Archived content. No warranty is made as to technical accuracy. Content may contain URLs that were valid when originally published, but now link to sites or pages that no longer exist.
Updated : October 8, 2001

By Zachary Gutt

Technical Product Manager

Microsoft Corporation

Microsoft® Internet Security and Acceleration (ISA) Server 2000 can be used help prevent the spread of the Nimda Worm. However, the first course of action should be to protect the Internet Information Services (IIS) servers in the environment. It is strongly recommended that the IIS Lockdown and URLScan tools (see "Patching and Protecting Your Systems") be downloaded and installed. This document discusses how the Nimda Worm spreads, where links to more details about patching your servers, what ISA Server can do to help prevent Nimda, and where to go for more information.

Disclaimer

There are NO warranties with regard to this information. In no event shall the author be liable for any damages whatsoever arising out of or in connection with the use or spread of this information. Any use of this information is at the user's own risk.

On This Page

How the Nimda Worm Spreads
Patching and Protecting Your Systems
What ISA Server Can Do To Help Stop Nimda
Summary
For More Information

How the Nimda Worm Spreads

The W32.Nimda.A@MM (Nimda) worm uses four methods to infect computers. Following are short descriptions of each of the infection vectors. Please refer to http://www.microsoft.com/technet/security/alerts/info/nimda.mspx for more complete information.

I. Email

Nimda can spread via email, taking advantages in system vulnerabilities, often infecting the mail recipient immediately. The worm payload may be delivered as an email attachment.

II. Infecting remote Web Servers

If Nimda finds a remote Web server that (a) is infected with the Code Red II worm, or (b) is susceptible to a known security vulnerability (for which a patch has long been available), it can get the remote Web server to download an infected ADMIN.DLL via TFTP (Trivial File Transfer Protocol) on port 69.

III. Infecting web pages on affected Web Servers

On an infected Web server all HTM, HTML, and ASP pages can be compromised. A snippet of Javascript code is added to these pages that executes a payload file (README.EML) that Nimda installs on the server.
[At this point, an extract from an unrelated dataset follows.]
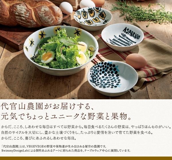 大胆な野菜の柄が絵変わりで楽しめる器のセット。新鮮なサラダを取り分けて食卓に笑顔を。
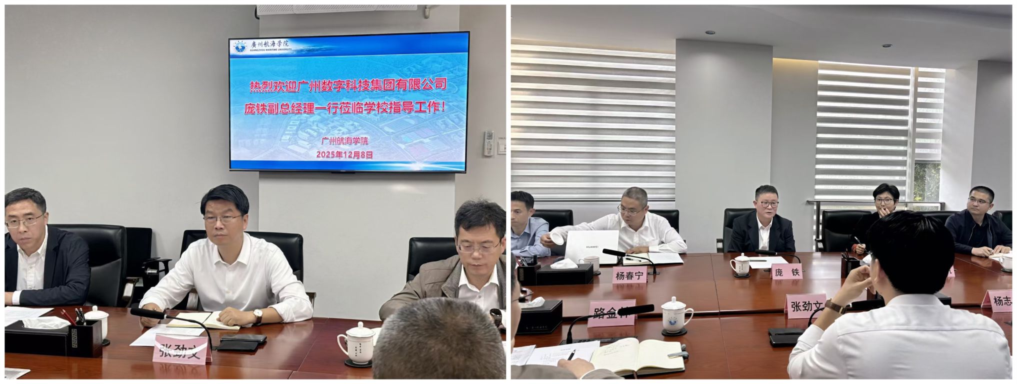 近日,广州数字科技集团有限公司党委委员、副总经理庞铁率队8人到访广州航海学院,围绕“车路云一体化”技术合作开展调研交流。学校党委委员、副校长张劲文主持座谈。

When a remote Internet Explorer (IE) browser opens a compromised HTM, HTML, or ASP file, an un-patched browser will automatically execute the Javascript, downloading and executing the payload file, thus infecting the browsing computer.

IV. File sharing

Nimda attempts to find computers on the network with shared folders and replace their RICHED20.DLL (used by Wordpad, Notepad, Microsoft Word) with an infected version. Nimda may also replace or prepend itself to all EXE, EML, and DOC files on remote shares that it can access. When a user opens a compromised file in one of the aforementioned programs, the infected RICHED20.DLL is executed, infecting the computer.

Patching and Protecting Your Systems

The above is only a short description of how the Nimda worm spreads and infects. As mentioned above, the first course of action should be to protect your Internet Information Services (IIS) servers. It is strongly recommended that the IIS Lockdown and URLScan tools be downloaded and installed.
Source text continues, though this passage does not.